:: Exercise aim ::
Leave the pictures out and return every line below exactly.

** Opening Data below block **

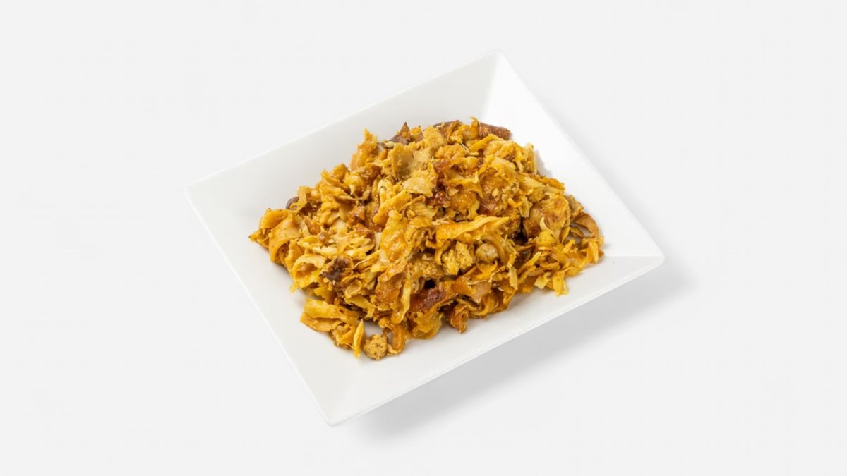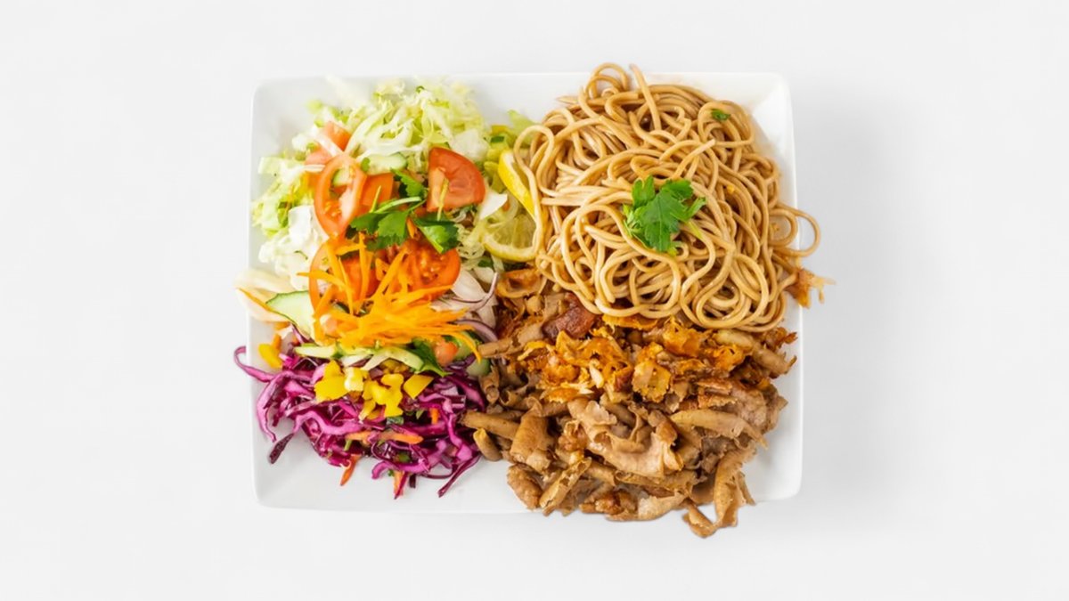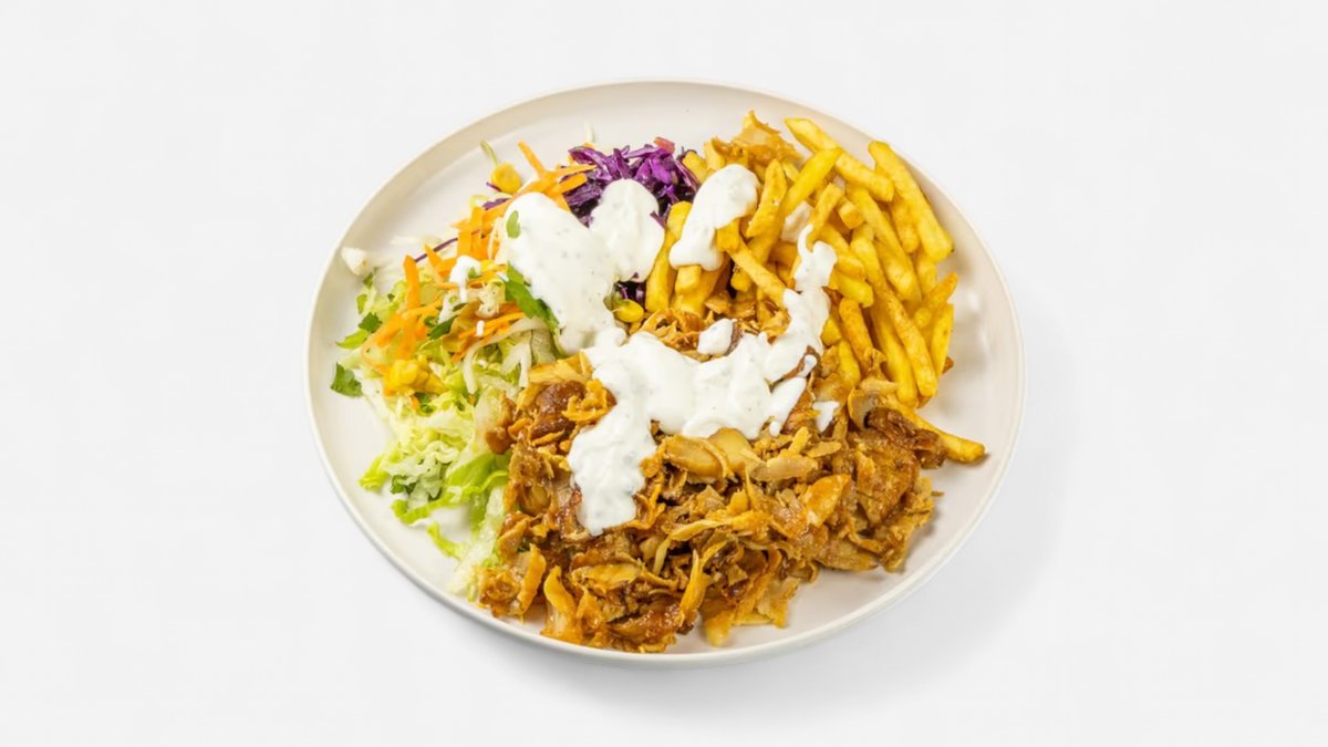 maso, salát, omáčka, turecký chléb nebo hranolky nebo nudle
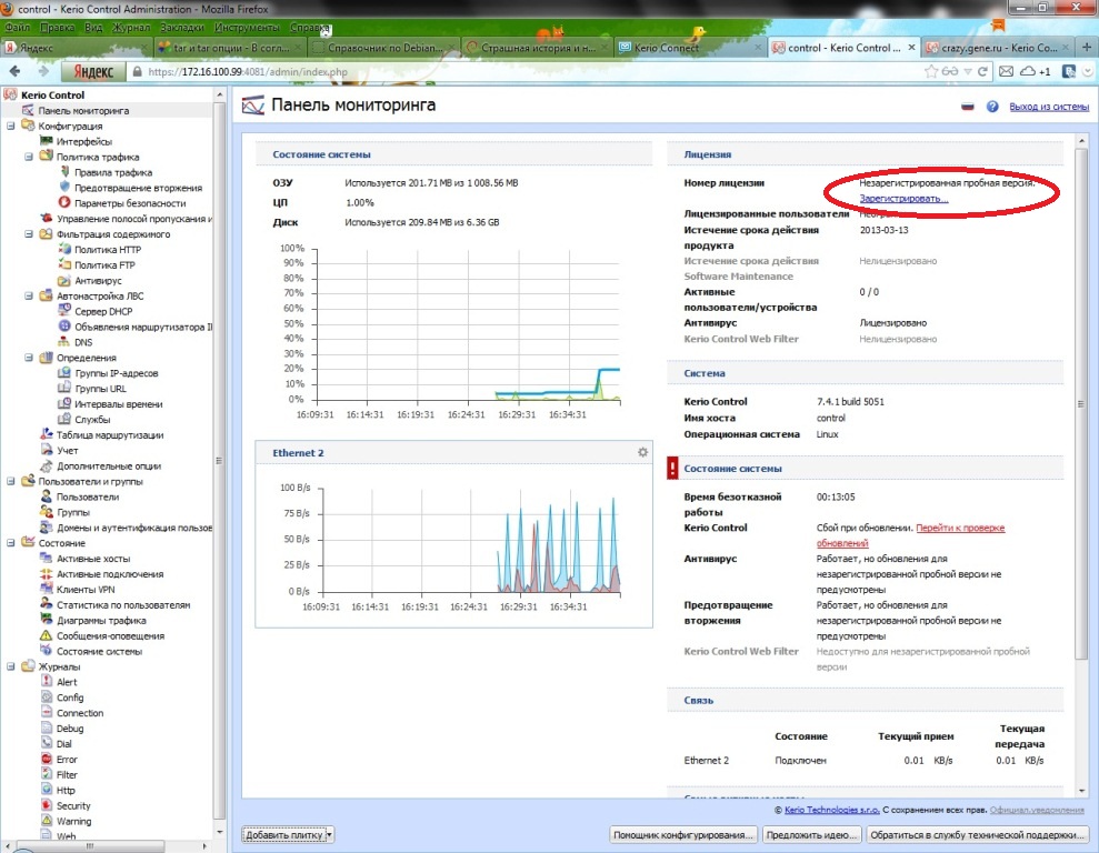 вот вроде бы и все - мы установили Kerio Control на Hyper-V и получили возможность поизучать какое-время особенности его устройства, поискать отличия от виндового варианта и посмотреть на то, как устроены обновления в Керио.
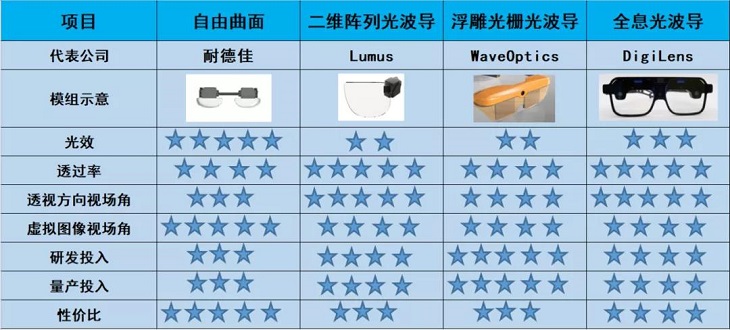 AR眼鏡光學(xué)方案性能指標(biāo)對(duì)比示意圖
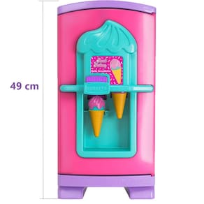Essa linda geladeira tem um tamanho grande e encorpado. Com 49 cm de altura, e diversos acessórios para brincar, ela tem um dispenser na porta, prateleiras internas, forminha para fazer sorvete de verdade, cartela de adesivos e caixinhas para recortar e montar que tornam a brincadeira ainda mais lúdica e divertida

** Closing Data below block **

:: Finished exercise ::
 maso, salát, omáčka, turecký chléb nebo hranolky nebo nudle
 вот вроде бы и все - мы установили Kerio Control на Hyper-V и получили возможность поизучать какое-время особенности его устройства, поискать отличия от виндового варианта и посмотреть на то, как устроены обновления в Керио.
 AR眼鏡光學(xué)方案性能指標(biāo)對(duì)比示意圖
Essa linda geladeira tem um tamanho grande e encorpado. Com 49 cm de altura, e diversos acessórios para brincar, ela tem um dispenser na porta, prateleiras internas, forminha para fazer sorvete de verdade, cartela de adesivos e caixinhas para recortar e montar que tornam a brincadeira ainda mais lúdica e divertida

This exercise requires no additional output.